Your goal: From the entries below, transcribe exactly the lines between the line holding "Surah Al-Mulk (Chapter" and the line holding "Kích thước: 1710", inclusive; skip all other lines.

Segment Start: Records for this task

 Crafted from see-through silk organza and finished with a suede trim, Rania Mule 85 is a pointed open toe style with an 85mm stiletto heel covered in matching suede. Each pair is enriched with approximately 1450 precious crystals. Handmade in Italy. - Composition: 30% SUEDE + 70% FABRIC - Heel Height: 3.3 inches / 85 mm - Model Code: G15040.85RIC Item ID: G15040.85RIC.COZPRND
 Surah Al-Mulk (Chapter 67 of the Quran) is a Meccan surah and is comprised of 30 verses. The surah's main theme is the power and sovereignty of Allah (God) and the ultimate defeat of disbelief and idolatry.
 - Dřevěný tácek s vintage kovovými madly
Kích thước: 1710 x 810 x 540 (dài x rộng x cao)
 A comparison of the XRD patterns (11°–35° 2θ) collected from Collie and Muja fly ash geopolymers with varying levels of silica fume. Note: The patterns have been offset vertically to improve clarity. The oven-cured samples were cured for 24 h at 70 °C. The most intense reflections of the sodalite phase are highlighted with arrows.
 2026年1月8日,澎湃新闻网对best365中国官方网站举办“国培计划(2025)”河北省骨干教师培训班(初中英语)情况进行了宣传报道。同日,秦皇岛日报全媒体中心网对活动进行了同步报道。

Segment End: Records for this task
Segment Start: Records for this task

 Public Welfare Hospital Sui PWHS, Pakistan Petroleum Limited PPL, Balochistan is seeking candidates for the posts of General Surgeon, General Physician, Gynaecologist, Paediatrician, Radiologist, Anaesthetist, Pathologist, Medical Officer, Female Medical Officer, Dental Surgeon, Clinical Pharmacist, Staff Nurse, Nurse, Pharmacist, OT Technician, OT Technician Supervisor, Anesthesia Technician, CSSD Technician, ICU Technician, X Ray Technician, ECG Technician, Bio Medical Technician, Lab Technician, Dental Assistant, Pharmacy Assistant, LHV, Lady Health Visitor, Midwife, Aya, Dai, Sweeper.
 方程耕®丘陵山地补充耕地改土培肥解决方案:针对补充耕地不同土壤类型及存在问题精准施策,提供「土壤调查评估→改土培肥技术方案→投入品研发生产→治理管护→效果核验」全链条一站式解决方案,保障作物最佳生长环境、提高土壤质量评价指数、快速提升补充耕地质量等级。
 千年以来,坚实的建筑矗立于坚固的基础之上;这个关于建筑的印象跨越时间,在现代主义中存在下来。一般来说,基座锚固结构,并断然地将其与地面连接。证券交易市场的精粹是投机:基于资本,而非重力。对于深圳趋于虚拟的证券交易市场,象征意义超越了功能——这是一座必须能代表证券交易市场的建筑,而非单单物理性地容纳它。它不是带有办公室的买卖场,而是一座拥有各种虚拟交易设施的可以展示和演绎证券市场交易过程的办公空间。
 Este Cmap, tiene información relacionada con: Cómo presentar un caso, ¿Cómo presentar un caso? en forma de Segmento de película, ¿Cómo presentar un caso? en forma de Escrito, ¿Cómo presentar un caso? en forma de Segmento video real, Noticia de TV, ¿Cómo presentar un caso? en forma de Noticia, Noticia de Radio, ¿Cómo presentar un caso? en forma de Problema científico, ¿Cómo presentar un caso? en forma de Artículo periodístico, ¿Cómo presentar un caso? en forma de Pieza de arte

Segment End: Records for this task

The answer:
 Surah Al-Mulk (Chapter 67 of the Quran) is a Meccan surah and is comprised of 30 verses. The surah's main theme is the power and sovereignty of Allah (God) and the ultimate defeat of disbelief and idolatry.
 - Dřevěný tácek s vintage kovovými madly
Kích thước: 1710 x 810 x 540 (dài x rộng x cao)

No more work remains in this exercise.